For more than three decades, the works resided in Kawamura’s purpose-built museum near Tokyo, where they brought international visitors face-to-face with the great masters of modern art. Following its closure in March 2025, the institution announced plans to divest around 280 works through auctions and private sales, aiming to raise at least ¥10 billion (approximately $68 million).
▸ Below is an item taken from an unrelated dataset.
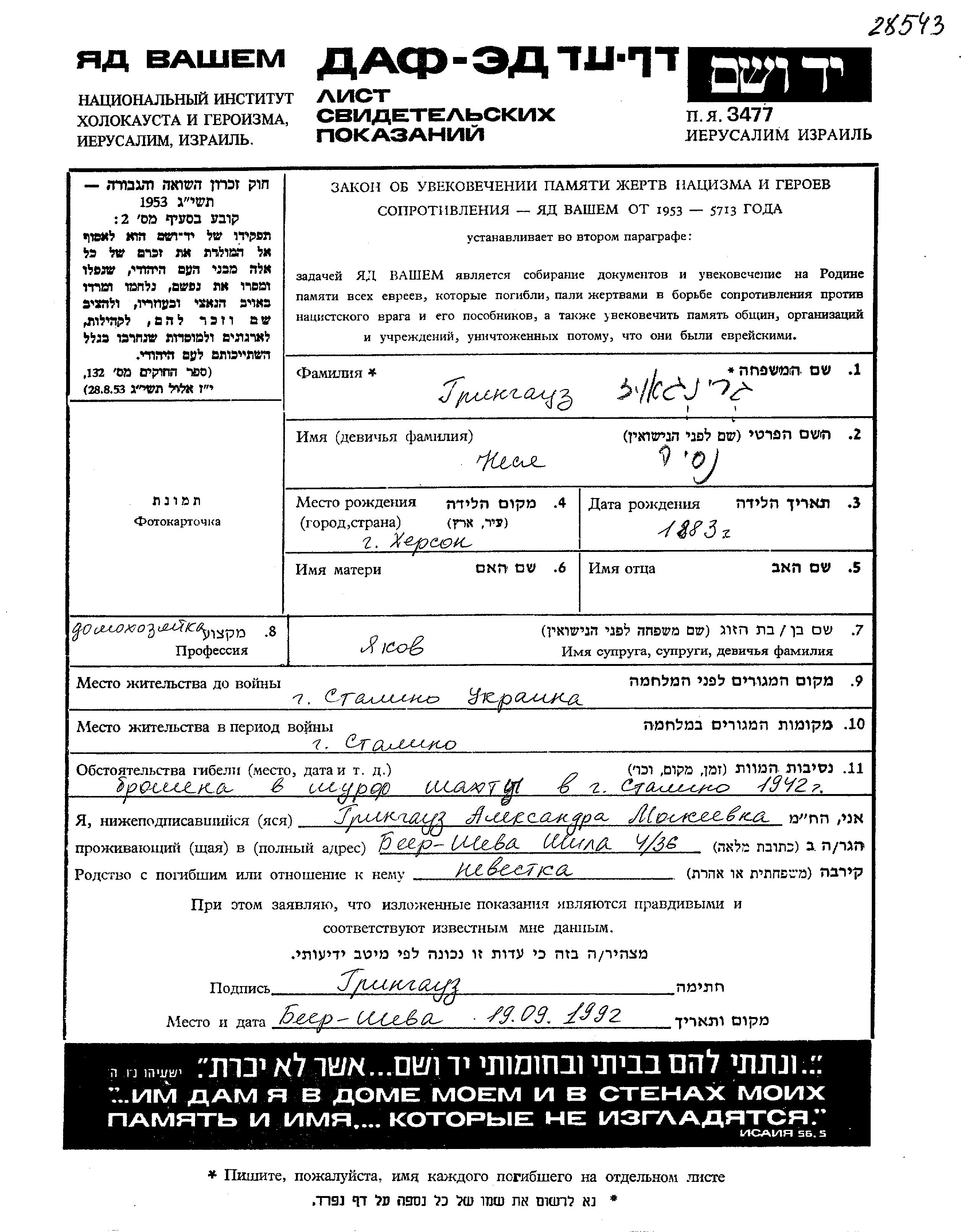Nesia גרינגאוז נולדה בKherson שבאוקראינה (ברה"מ) בשנת 1883. היא היתה עקרת בית ונשואה לYakov. לפני מלחמת העולם השניה התגוררה בStalino שבאוקראינה (ברה"מ). בזמן המלחמה היא היתה בStalino שבאוקראינה (ברה"מ). היא נרצחה בשואה. מקום המוות: Stalino שבאוקראינה (ברה"מ) בשנת 1942.

Leading Christie’s 20th Century Evening Sale from the museum’s collection is Claude Monet’s Nymphéas (1907), one of the artist’s most dazzling depictions of his Giverny waterlily pond, estimated at $40-60 million. Acquired in 1970 from the Estate of Albert J. Dreitzer through Sotheby’s, the painting has been a cornerstone of Kawamura’s galleries ever since, its vertical composition capturing the pond’s luminous surface in an almost abstract symphony of reflection and light.
Other highlights include Pierre-Auguste Renoir’s Jeune femme arrangeant des fleurs (estimate: $8-12 million), Marc Chagall’s Le Rêve de Paris (estimate: $4-6 million) and Henri Matisse’s Femme au chapeau bleu (estimate: $3-5 million), which will also be offered in the 20th Century Evening Sale.